Exercise prompt
In the entries below, find the line containing "③所有陽角部位,面層聚合物抗裂砂漿均應作成尖角,不得做成圓弧。" and the line containing "Purple Amethyst Gemstone". Copy those two lines and everything between them exactly, without the pictures.

Data for this exercise
□ □ □ □ □ □ □

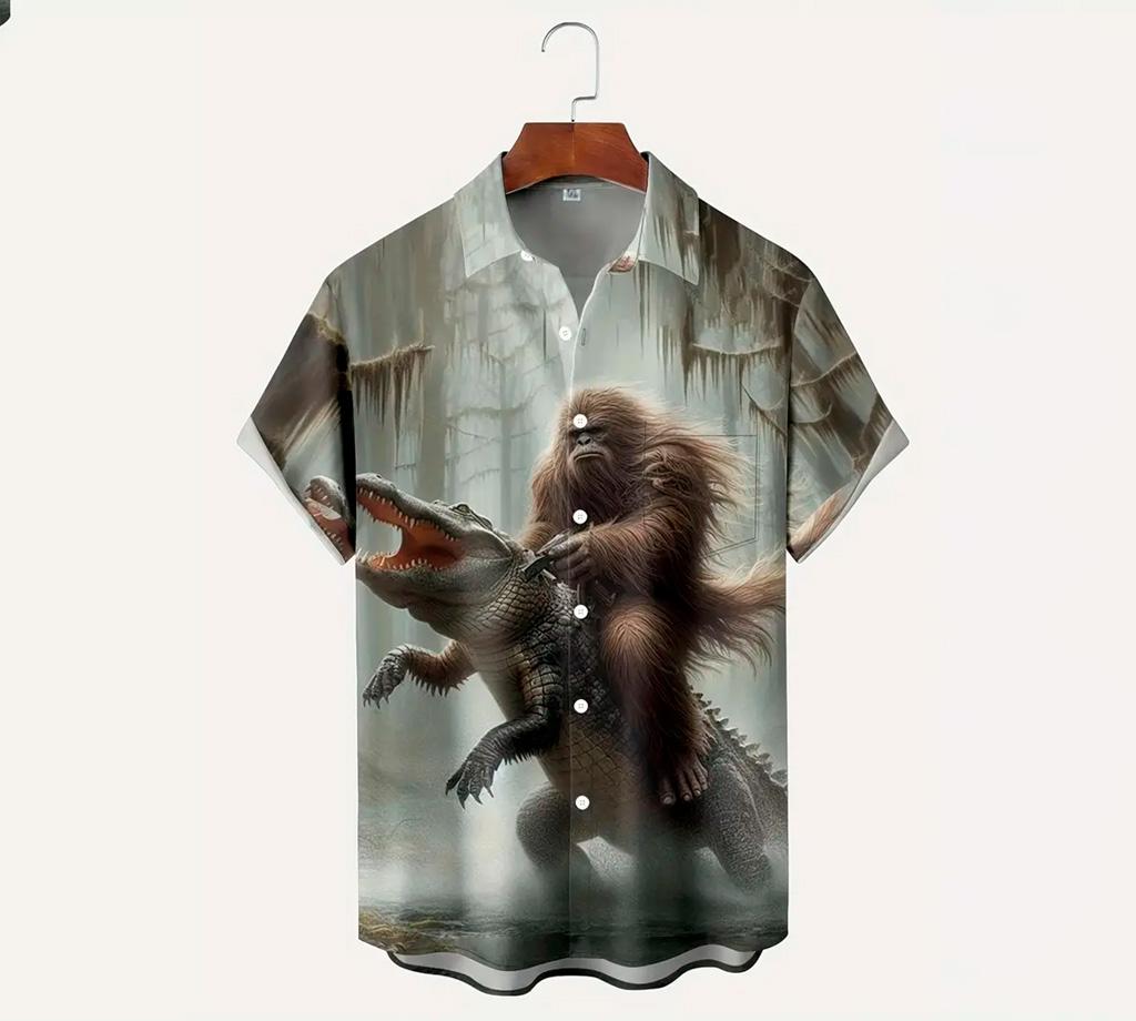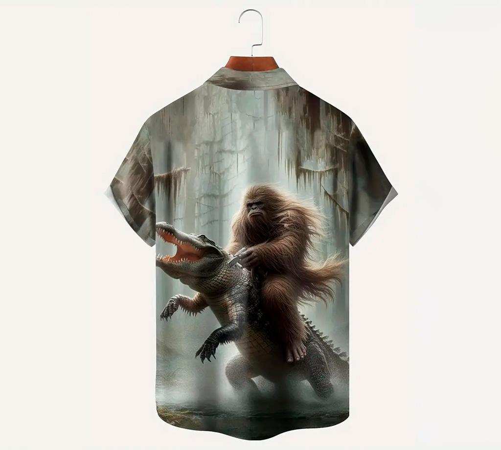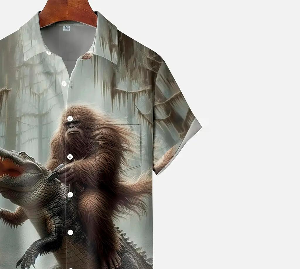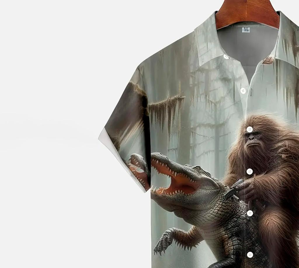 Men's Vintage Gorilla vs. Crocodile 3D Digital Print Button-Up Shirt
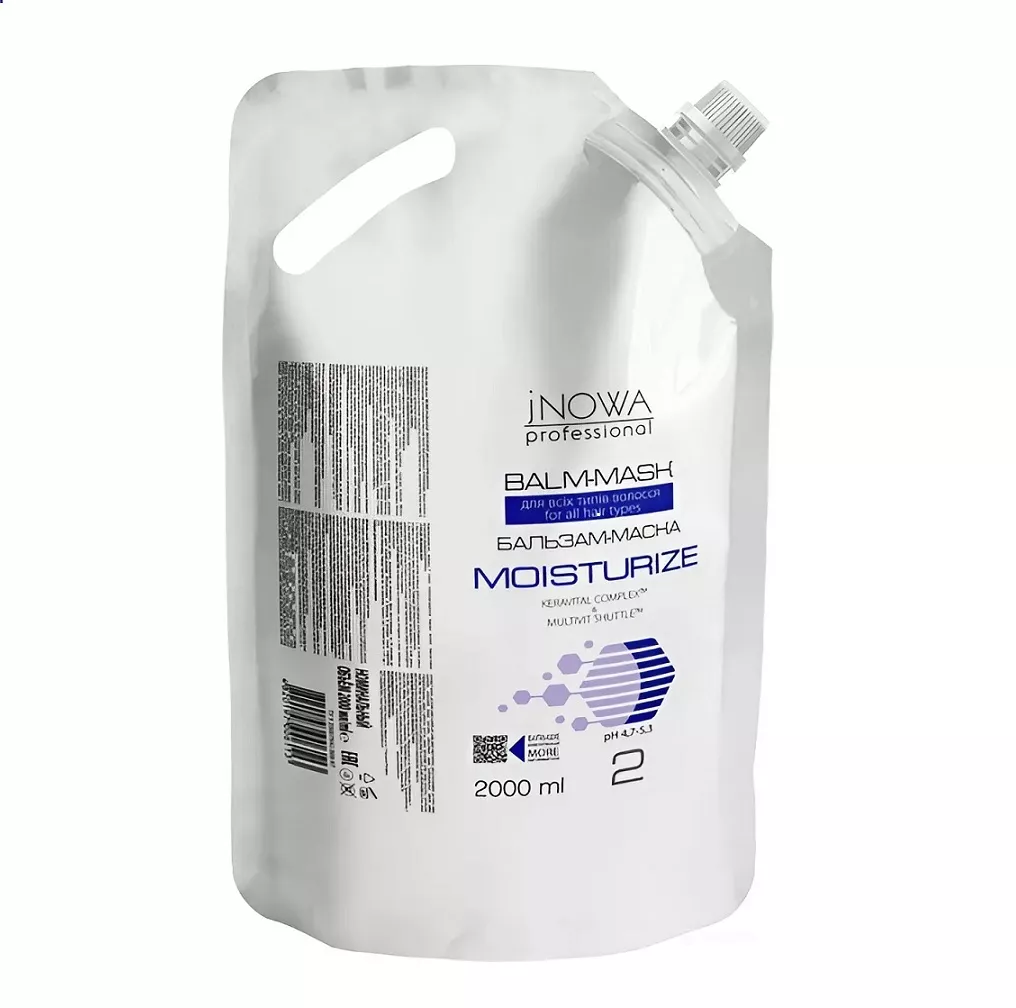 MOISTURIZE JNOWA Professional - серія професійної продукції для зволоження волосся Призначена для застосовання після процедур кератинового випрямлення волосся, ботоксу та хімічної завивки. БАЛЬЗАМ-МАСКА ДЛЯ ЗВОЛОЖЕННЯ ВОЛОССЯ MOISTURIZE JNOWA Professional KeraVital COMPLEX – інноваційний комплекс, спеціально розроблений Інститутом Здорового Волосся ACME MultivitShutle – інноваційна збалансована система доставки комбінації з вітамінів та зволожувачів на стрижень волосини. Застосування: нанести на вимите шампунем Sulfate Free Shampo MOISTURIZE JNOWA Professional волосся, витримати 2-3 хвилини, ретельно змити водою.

□ □ □ □ □ □ □

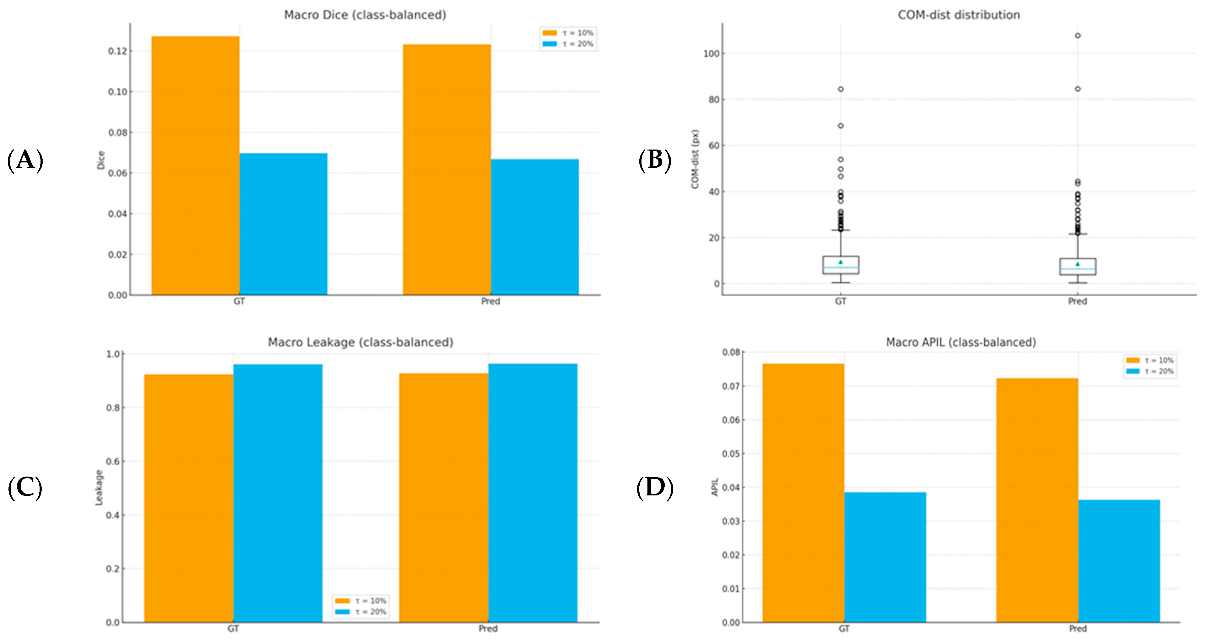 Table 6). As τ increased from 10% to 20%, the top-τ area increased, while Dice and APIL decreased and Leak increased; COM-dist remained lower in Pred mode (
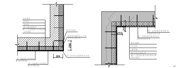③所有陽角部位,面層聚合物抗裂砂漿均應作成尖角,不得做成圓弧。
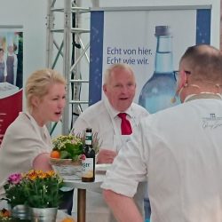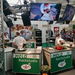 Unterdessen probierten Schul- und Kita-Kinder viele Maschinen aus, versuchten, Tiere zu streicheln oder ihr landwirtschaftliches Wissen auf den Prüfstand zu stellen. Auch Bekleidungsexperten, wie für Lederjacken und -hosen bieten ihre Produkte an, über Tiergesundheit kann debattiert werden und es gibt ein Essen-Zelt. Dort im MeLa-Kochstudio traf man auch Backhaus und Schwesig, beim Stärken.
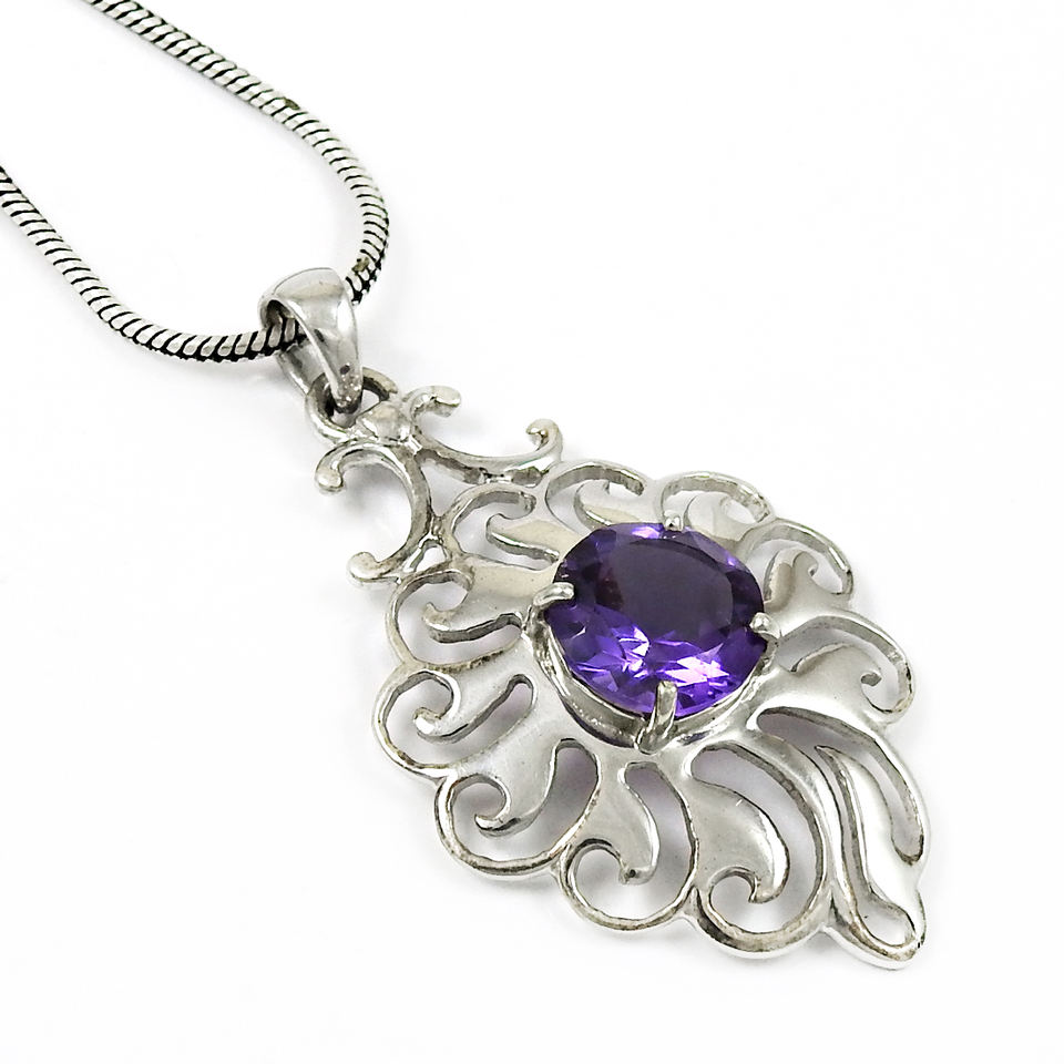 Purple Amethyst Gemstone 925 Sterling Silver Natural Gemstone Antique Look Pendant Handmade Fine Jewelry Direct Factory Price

□ □ □ □ □ □ □

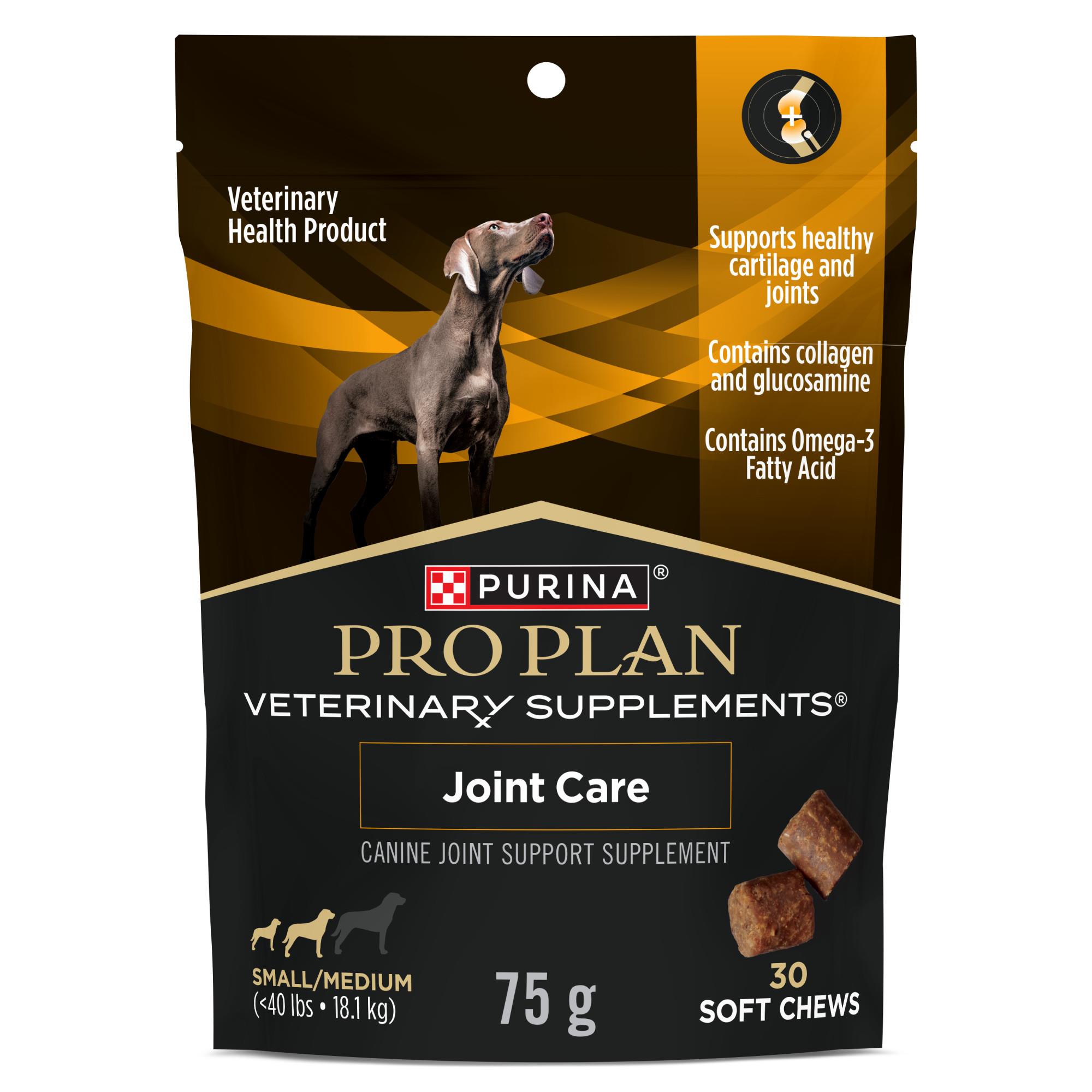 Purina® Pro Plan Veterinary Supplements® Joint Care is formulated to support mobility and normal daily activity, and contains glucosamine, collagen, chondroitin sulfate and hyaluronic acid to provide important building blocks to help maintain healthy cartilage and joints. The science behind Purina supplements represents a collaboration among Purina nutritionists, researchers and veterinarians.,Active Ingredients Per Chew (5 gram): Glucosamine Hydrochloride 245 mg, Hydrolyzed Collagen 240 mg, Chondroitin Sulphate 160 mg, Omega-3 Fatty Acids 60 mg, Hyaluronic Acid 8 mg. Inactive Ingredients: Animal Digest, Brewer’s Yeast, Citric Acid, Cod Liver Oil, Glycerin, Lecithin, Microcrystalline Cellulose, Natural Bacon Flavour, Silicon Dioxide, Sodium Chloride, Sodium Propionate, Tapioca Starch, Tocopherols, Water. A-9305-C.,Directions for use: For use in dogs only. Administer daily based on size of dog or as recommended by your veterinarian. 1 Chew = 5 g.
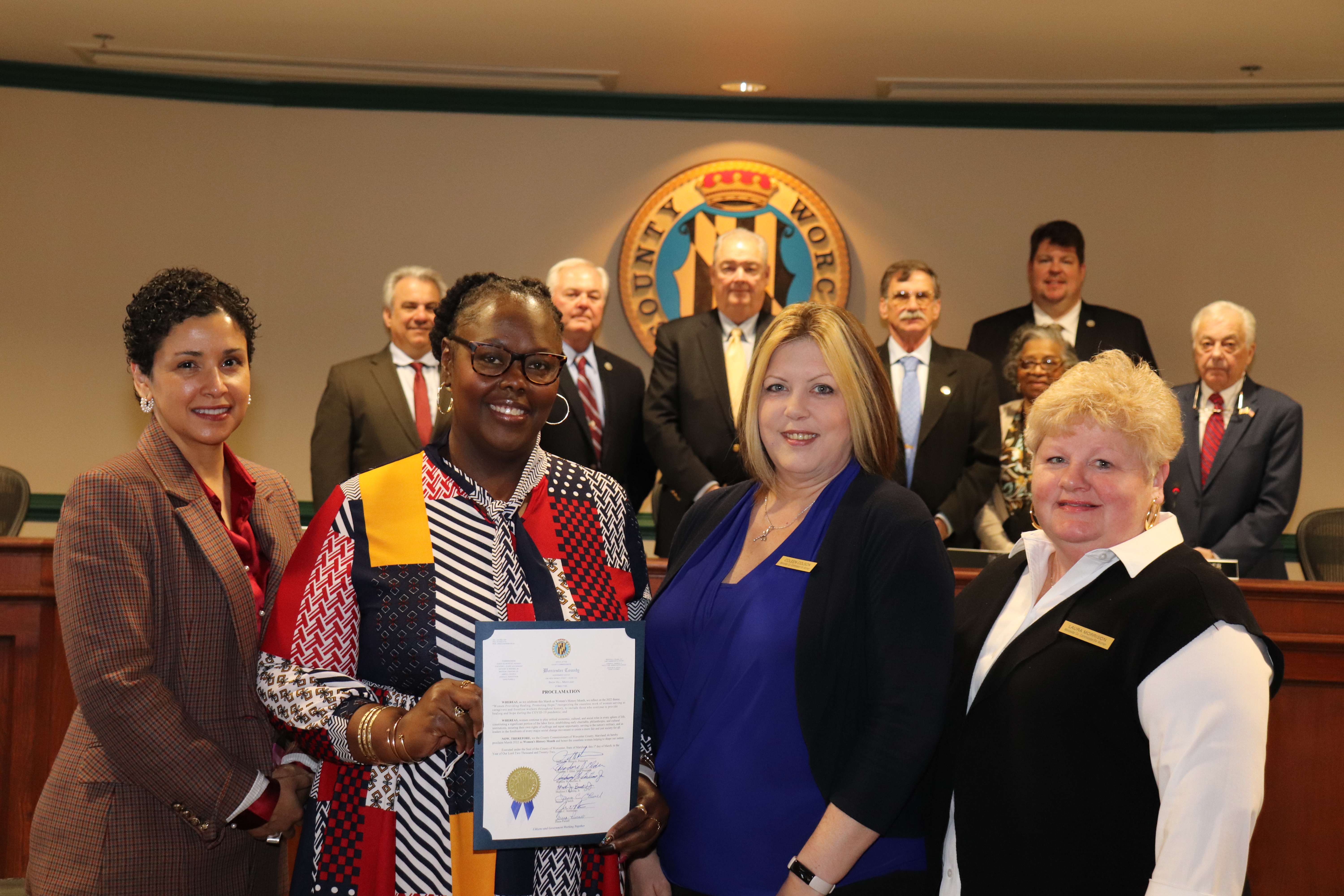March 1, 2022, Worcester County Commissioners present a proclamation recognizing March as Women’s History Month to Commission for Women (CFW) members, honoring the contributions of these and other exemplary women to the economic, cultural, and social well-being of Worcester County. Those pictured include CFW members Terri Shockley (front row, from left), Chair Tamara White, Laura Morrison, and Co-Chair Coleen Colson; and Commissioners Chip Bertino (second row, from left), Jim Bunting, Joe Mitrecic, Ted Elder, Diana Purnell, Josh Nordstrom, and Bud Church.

□ □ □ □ □ □ □

Reply to the task
③所有陽角部位,面層聚合物抗裂砂漿均應作成尖角,不得做成圓弧。
 Unterdessen probierten Schul- und Kita-Kinder viele Maschinen aus, versuchten, Tiere zu streicheln oder ihr landwirtschaftliches Wissen auf den Prüfstand zu stellen. Auch Bekleidungsexperten, wie für Lederjacken und -hosen bieten ihre Produkte an, über Tiergesundheit kann debattiert werden und es gibt ein Essen-Zelt. Dort im MeLa-Kochstudio traf man auch Backhaus und Schwesig, beim Stärken.
 Purple Amethyst Gemstone 925 Sterling Silver Natural Gemstone Antique Look Pendant Handmade Fine Jewelry Direct Factory Price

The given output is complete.